Jamshed Bhabha Theatre, From large format orchestras to full-scale operas, the most technically complex performances can be staged at this Proscenium theatre with a seating capacity of 1,109. Named after the founder, and operational since 1999, its technical facilities allow for international productions of opera, ballet and major musicals.

This well-equipped, elegant theatre also boasts of a historic marble staircase and a dazzling double-level foyer. The entire staircase was transplanted from another location; more as an art object or architectural folly. It is, undoubtedly, the cornerstone for theatrical extravaganzas staged in South Asia.

Tata Theatre can seat 1,010 people. The venue features a revolving stage and a foyer with a view of the sea. The Tata Theatre is known for its acoustics. The building’s concept was created by American Modernist architect Philip Johnson. Rustom Patell-Patell Batliwala & Associates were the principal designers along with acoustician Cyril Harris. The theatre opened in 1982. Today, this Mumbai venue hosts Indian classical concerts, Western chamber music, and theatre.

Experimental Theatre, As flexible as its name, this theatre opened in 1986 and has 300 movable seats which allow it to be configured to suit a range of events. Its unique 'black box' auditorium is the perfect platform for innovative theatre productions as well as small-scale dance and music performances. It also doubles up as a teaching and workshop space.
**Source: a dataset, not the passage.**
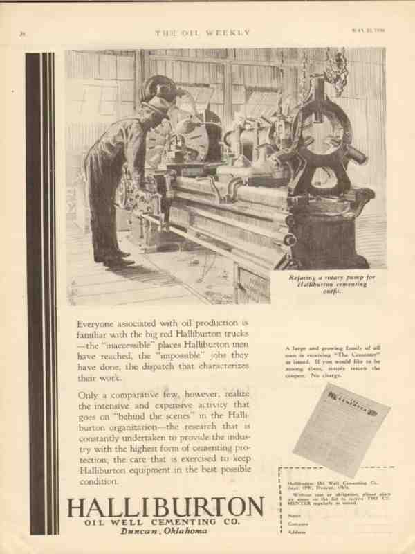 Original oil and gas trade magazine vintage ad for HALLIBURTON OIL WELL CEMENTING COMPANY of Duncan, OK. Everyone associated with oil production is familiar with the big red Halliburton trucks, the inaccessible places Halliburton men have reached, the impossible jobs they have done, the dispatch that characterizes their work. Refacing a rotary pump of Halliburton cementing outfit. Unique 1930 old oilfield petroleum equipment magazine advertisement. Nice graphics.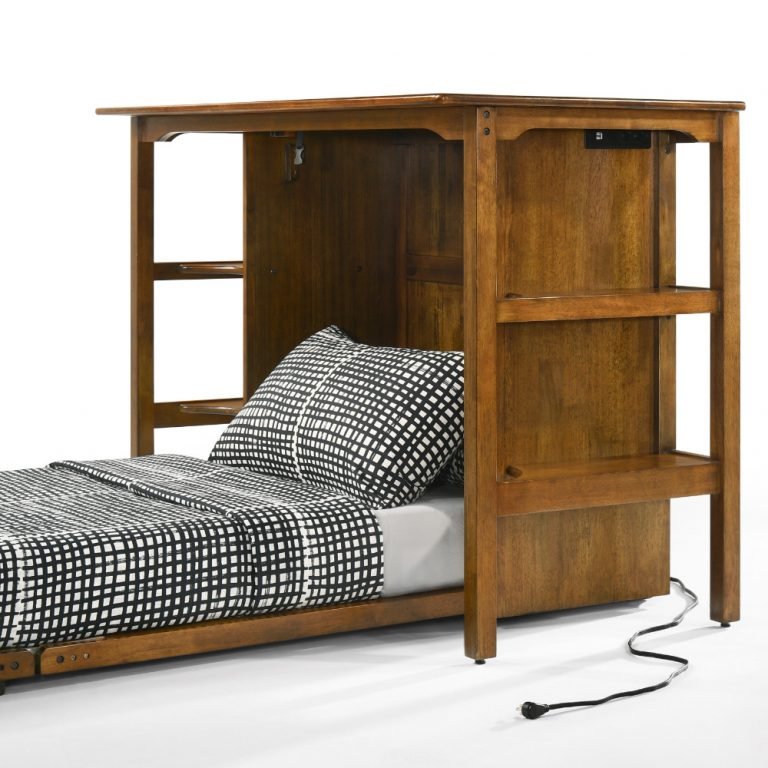 Our Siesta Twin Desk Bed is a truly instant guest bed. Convert it from a handsome standing height desk to comfy twin size bed in less than a minute. When all closed up it just takes about 12.5 square feet of floor space. Easy to use, easy to love.

Godrej Dance Theatre (funded by Pirojsha Godrej Foundation) is a small theatre was inaugurated in 1987, with a capacity of 200. Its small size allows everyone in the audience to have an intimate experience and appreciate dance up close.

Little Theatre was inaugurated in 1975, and is a smaller venue, seating only 114. It is mainly used to nurture and promote new talent, such as poets, dancers and musicians. It is also used for film screenings.

===Other facilities===

- Piramal Art Gallery
- Reading and listening libraries
- Studio for archival documentation of dance, drama and music
- Teaching and research block
- Computerised music research laboratory
- Audio-visual archival vault with over 4,000 hours of recording and theatre research material, and a computerised databank for easy retrieval

==Performances==

Throughout the years NCPA hosted many performances including classical, traditional and contemporary performing arts in dance, theatre, and music. Notable Indian performers who performed at NCPA include Vilayat Khan, M. S. Subbulakshmi, Birju Maharaj, Kelucharan Mohapatra, Savitha Sastry, Mani Madhava Chakyar, Shakuntala, Smita Patil, Parveen Sultana and Shabana Azmi.

NCPA has also attracted many international performers including Yehudi Menuhin, Israel Philharmonic Orchestra, Navoi Bolshoi Ballet of Uzbekistan, Marcel Marceau, Barber of Seville opera, production of Jane Eyre, and other British Council commissioned theatre productions. In 2006, New Jersey Ballet staged India's first full-length classical ballet with its Nutcracker production. In 2016, NCPA in association with Shapoorji Pallonji Group, co-produced Mughal-e-Azam, a Broadway-style musical based on the 1960 Bollywood film Mughal-e-Azam, which was directed by K. Asif and produced by Shapoorji Pallonji.